Daniel is not unusual. According to the March 2026 St. Louis Fed Survey of Consumer Expectations, only 33% of US knowledge workers report using generative AI tools at work on a daily or near-daily basis. The other 67% are split between occasional users and people who have never opened the tools at all.
What's striking is not the number. It's the shape of the curve underneath it.
The 18 months that quietly rewrote middle-skill work
Between late 2024 and the start of 2026, something happened in professional knowledge-work that did not happen with any prior software wave — not cloud, not mobile, not even spreadsheets. The productivity gap between AI-fluent and non-AI-fluent workers stopped being marginal and started being categorical.
A 2025 study from MIT Sloan compared two groups of marketing analysts of equivalent seniority. The AI-fluent group completed standard analytical briefs in 41% less time, with 18% fewer revision cycles. They were also more likely to be promoted within twelve months — by a factor of 2.3.

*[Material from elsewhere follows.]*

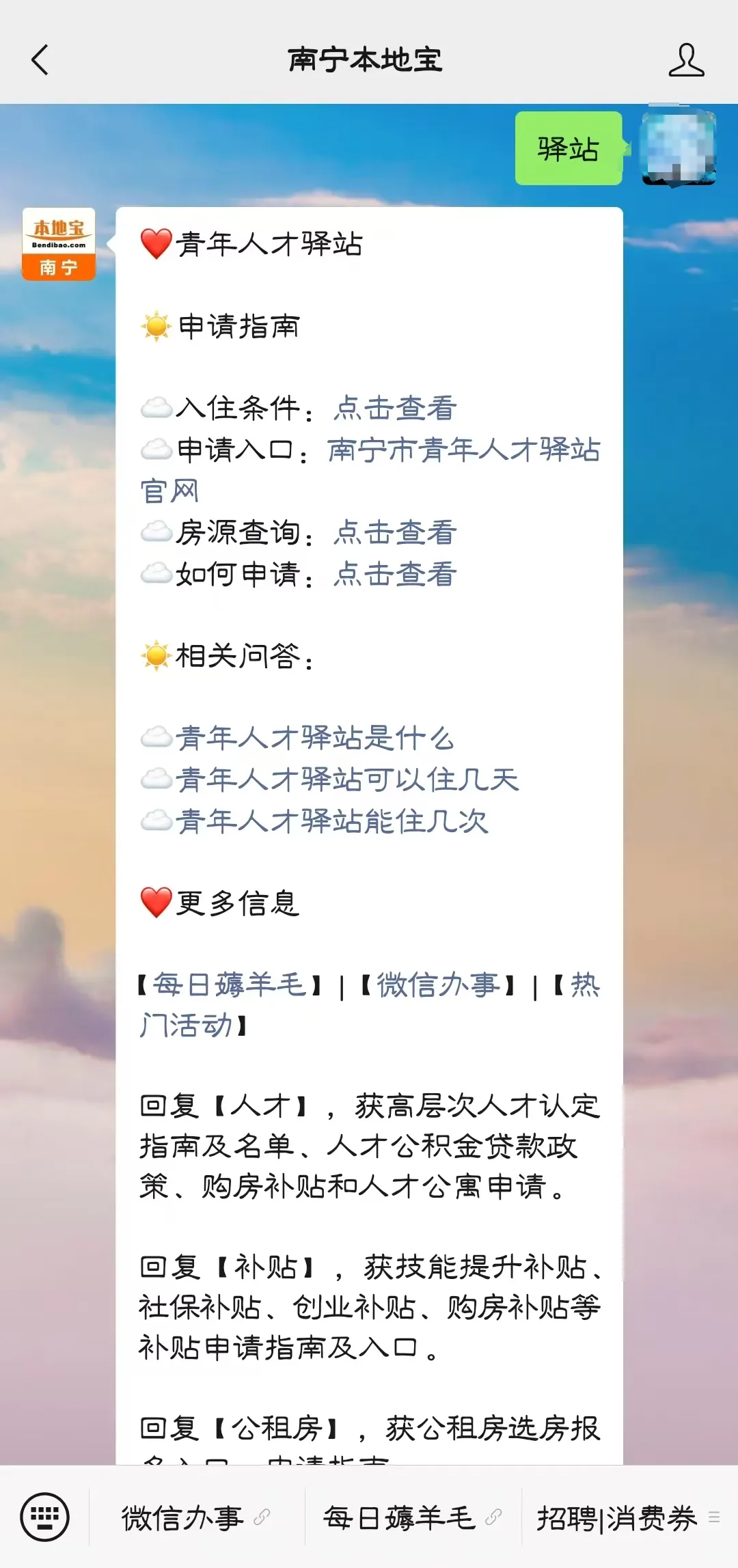 篇幅有限,以上为部分驿站名单,详细房源信息可以在南宁本地宝公众号微信对话框回复【驿站】即可获取查询入口。
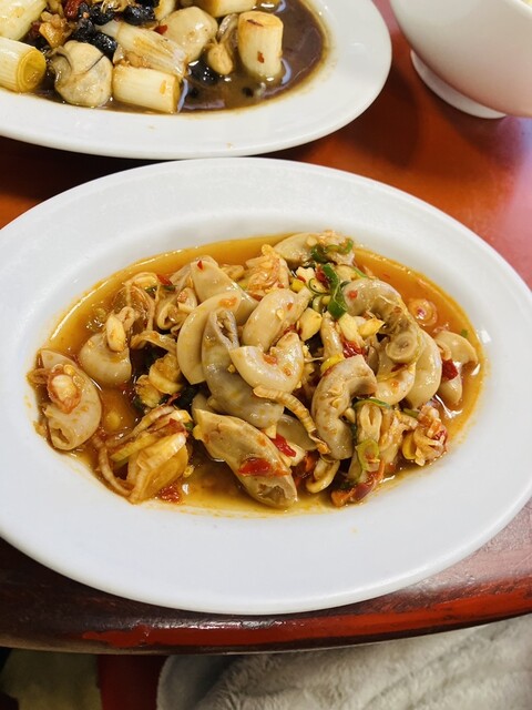 将来に備えて「辛味を抑えつつ満足度の高いメニュー」を探すのも今回の目的のひとつで、そこで初めてカキ炒めを注文した。

"The hardest part isn't that AI is taking jobs. It's that it's invisibly redistributing them. A worker who uses AI well still has a job — they just have a different one, with different leverage, and they're harder to replace." — Dr. Erika Voss, labor economist, Brookings Institution
For workers in the second group — the 67% — the gap is widening without their full awareness. They are not being fired. They are simply being asked to do more, with the same tools they always used, while their AI-fluent peers ship more, faster, with fewer hours. That asymmetry tends to surface in performance reviews, not in headlines.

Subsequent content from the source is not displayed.